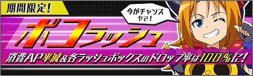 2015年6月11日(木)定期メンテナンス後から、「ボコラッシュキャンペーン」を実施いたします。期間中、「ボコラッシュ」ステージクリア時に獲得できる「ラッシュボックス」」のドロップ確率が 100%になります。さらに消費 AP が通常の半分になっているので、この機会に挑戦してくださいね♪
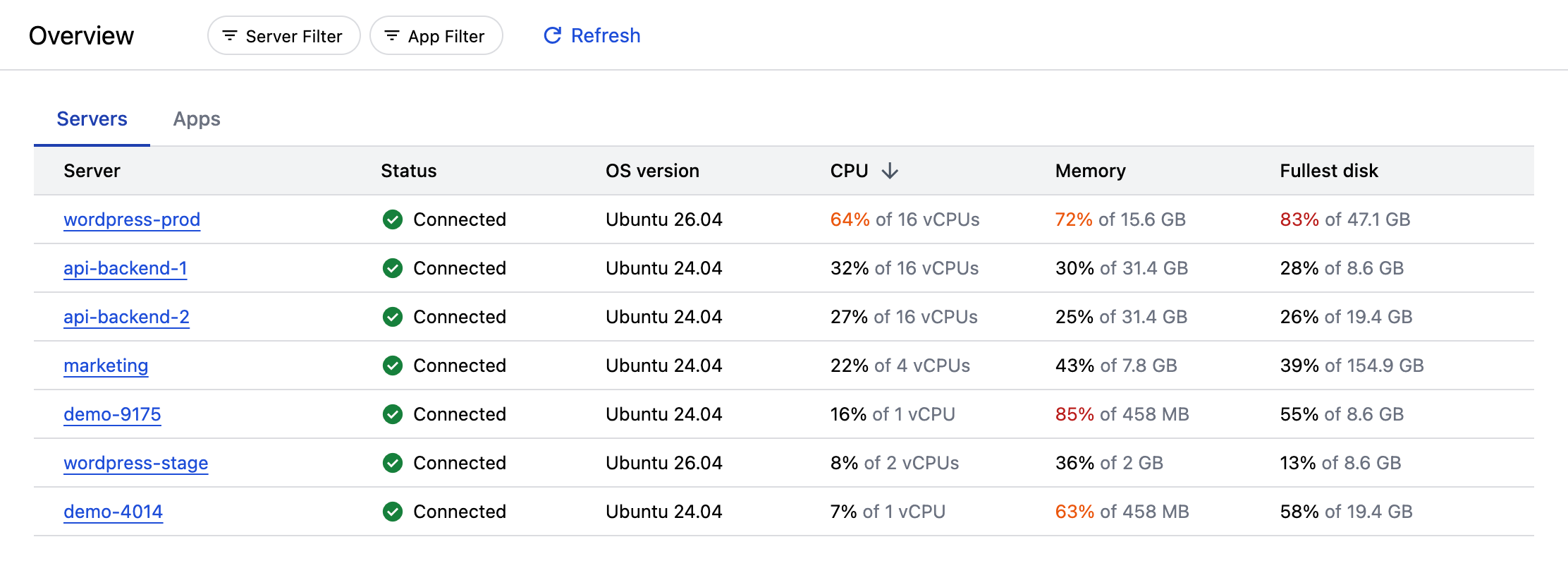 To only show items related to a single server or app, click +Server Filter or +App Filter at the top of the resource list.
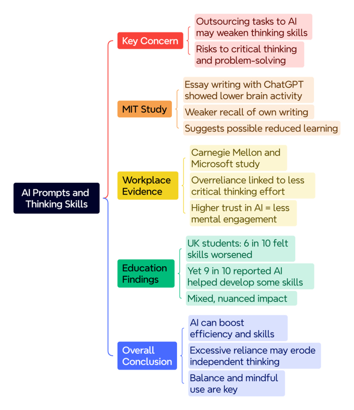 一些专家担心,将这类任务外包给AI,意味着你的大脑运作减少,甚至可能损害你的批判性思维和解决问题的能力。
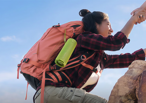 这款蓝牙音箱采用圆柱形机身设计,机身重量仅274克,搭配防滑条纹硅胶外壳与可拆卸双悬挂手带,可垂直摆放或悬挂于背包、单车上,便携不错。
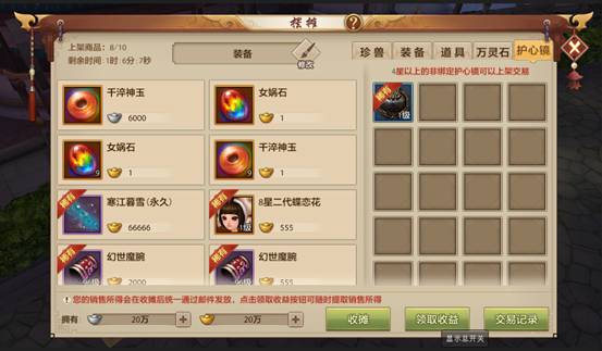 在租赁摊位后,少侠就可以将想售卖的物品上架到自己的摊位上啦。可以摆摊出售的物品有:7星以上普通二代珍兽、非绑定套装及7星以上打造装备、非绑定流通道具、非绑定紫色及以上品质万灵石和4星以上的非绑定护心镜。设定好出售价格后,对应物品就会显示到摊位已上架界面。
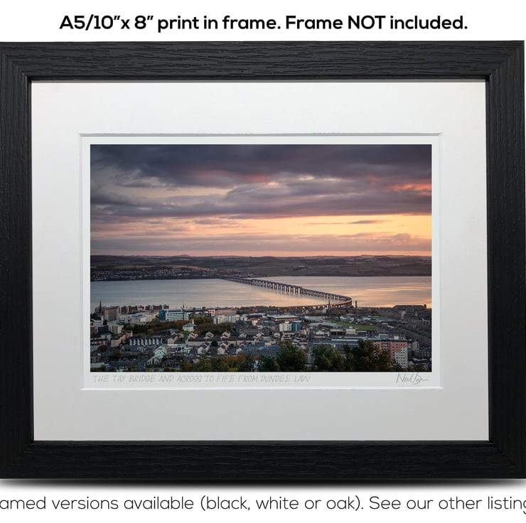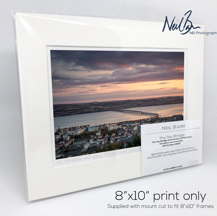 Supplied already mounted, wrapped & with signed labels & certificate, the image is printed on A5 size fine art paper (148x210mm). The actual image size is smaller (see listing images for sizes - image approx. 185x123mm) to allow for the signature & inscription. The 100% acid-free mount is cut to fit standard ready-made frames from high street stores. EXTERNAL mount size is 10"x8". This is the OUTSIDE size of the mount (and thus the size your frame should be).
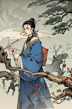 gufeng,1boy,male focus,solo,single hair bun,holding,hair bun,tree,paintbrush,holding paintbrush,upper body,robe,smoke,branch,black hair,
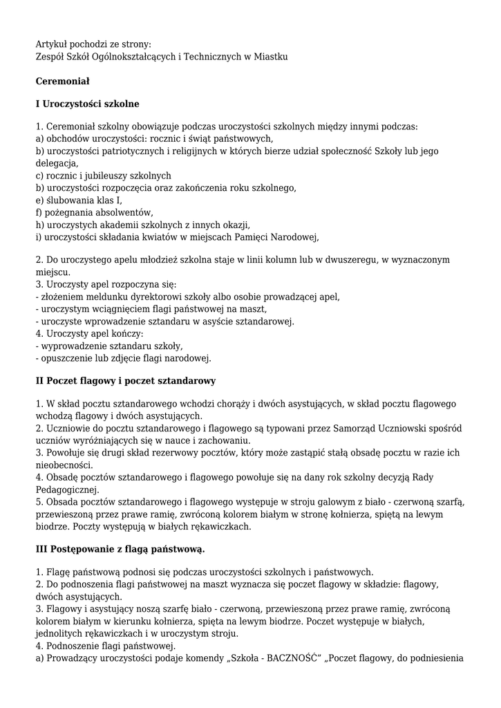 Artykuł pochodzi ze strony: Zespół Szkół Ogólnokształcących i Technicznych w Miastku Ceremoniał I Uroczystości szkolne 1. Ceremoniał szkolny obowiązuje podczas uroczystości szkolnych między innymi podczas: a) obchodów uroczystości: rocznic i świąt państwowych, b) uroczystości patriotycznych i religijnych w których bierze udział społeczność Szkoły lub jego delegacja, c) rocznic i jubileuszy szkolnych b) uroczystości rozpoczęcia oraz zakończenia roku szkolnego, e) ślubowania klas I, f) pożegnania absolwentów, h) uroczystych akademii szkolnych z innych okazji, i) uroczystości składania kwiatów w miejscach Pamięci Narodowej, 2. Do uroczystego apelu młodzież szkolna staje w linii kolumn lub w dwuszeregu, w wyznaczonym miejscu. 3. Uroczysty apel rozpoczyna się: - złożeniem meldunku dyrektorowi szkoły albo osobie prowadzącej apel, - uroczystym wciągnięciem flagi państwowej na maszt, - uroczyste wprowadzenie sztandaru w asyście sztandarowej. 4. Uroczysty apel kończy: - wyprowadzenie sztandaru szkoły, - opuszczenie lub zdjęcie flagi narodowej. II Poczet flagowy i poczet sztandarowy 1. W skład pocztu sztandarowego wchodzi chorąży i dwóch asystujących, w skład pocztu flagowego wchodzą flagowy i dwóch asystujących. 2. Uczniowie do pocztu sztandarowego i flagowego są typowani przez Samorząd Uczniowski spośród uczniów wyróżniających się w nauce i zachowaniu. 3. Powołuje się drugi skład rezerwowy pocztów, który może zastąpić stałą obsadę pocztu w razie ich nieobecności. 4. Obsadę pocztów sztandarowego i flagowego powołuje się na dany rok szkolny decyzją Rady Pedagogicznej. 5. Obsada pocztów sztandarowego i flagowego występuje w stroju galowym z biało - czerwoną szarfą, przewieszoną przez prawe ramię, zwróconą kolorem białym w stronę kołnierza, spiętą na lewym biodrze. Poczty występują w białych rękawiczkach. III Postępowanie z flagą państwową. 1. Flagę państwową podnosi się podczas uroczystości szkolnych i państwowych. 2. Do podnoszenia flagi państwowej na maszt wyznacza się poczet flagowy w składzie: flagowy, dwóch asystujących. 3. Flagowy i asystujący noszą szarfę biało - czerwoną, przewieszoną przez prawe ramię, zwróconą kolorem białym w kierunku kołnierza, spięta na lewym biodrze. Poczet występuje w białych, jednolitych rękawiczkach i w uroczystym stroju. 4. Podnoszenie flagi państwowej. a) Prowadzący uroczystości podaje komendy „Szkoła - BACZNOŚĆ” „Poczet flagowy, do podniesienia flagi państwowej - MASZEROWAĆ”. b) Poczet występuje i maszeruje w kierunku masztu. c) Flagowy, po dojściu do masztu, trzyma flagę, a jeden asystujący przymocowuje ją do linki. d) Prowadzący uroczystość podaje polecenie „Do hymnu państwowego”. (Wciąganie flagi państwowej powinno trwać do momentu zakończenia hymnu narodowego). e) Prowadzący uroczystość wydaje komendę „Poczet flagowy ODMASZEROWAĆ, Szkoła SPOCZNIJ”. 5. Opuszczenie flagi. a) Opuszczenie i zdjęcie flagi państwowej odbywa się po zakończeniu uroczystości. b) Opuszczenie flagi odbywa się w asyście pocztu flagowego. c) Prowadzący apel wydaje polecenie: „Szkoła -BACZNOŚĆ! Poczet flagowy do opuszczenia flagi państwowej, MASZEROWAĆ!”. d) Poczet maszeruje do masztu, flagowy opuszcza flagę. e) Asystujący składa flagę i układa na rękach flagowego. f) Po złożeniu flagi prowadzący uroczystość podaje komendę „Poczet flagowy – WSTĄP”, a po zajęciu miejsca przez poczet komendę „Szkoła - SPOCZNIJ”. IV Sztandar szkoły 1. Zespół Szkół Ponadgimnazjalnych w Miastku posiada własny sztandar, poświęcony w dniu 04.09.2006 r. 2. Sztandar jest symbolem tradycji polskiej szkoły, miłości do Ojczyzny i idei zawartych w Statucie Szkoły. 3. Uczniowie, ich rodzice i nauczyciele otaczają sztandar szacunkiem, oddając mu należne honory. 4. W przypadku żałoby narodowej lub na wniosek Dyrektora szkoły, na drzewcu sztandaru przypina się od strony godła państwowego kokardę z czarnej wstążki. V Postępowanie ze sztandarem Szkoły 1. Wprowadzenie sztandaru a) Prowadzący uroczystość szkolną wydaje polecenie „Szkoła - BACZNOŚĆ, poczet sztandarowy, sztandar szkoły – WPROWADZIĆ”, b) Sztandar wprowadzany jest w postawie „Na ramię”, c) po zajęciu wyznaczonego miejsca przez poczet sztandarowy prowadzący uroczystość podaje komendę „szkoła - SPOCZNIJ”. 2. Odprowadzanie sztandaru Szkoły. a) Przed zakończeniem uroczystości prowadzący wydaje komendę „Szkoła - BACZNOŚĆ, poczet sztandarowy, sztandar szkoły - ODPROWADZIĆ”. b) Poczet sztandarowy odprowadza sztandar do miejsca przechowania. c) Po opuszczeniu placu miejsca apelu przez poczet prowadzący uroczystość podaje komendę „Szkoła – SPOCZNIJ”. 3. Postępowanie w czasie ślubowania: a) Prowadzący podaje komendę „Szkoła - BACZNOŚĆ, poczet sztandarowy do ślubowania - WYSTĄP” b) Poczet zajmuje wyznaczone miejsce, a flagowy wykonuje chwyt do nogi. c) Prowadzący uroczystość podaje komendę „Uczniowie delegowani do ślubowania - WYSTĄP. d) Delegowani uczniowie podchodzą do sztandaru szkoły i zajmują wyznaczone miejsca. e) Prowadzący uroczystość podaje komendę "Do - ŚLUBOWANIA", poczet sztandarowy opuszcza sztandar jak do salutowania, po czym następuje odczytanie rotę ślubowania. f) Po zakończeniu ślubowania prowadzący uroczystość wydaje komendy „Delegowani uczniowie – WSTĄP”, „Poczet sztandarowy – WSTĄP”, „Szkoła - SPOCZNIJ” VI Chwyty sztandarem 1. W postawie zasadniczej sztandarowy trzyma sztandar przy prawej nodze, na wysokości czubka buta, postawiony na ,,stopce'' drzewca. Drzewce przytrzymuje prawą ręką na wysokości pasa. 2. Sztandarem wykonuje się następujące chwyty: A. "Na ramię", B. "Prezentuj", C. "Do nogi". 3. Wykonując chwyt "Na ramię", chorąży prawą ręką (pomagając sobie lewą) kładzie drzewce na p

- **What this task involves**: Leave the pictures out, and restate exactly the lines from the start of the records through the one that contains "一些专家担心,将这类任务外包".

- **Answer to this problem**:
 2015年6月11日(木)定期メンテナンス後から、「ボコラッシュキャンペーン」を実施いたします。期間中、「ボコラッシュ」ステージクリア時に獲得できる「ラッシュボックス」」のドロップ確率が 100%になります。さらに消費 AP が通常の半分になっているので、この機会に挑戦してくださいね♪
 To only show items related to a single server or app, click +Server Filter or +App Filter at the top of the resource list.
 一些专家担心,将这类任务外包给AI,意味着你的大脑运作减少,甚至可能损害你的批判性思维和解决问题的能力。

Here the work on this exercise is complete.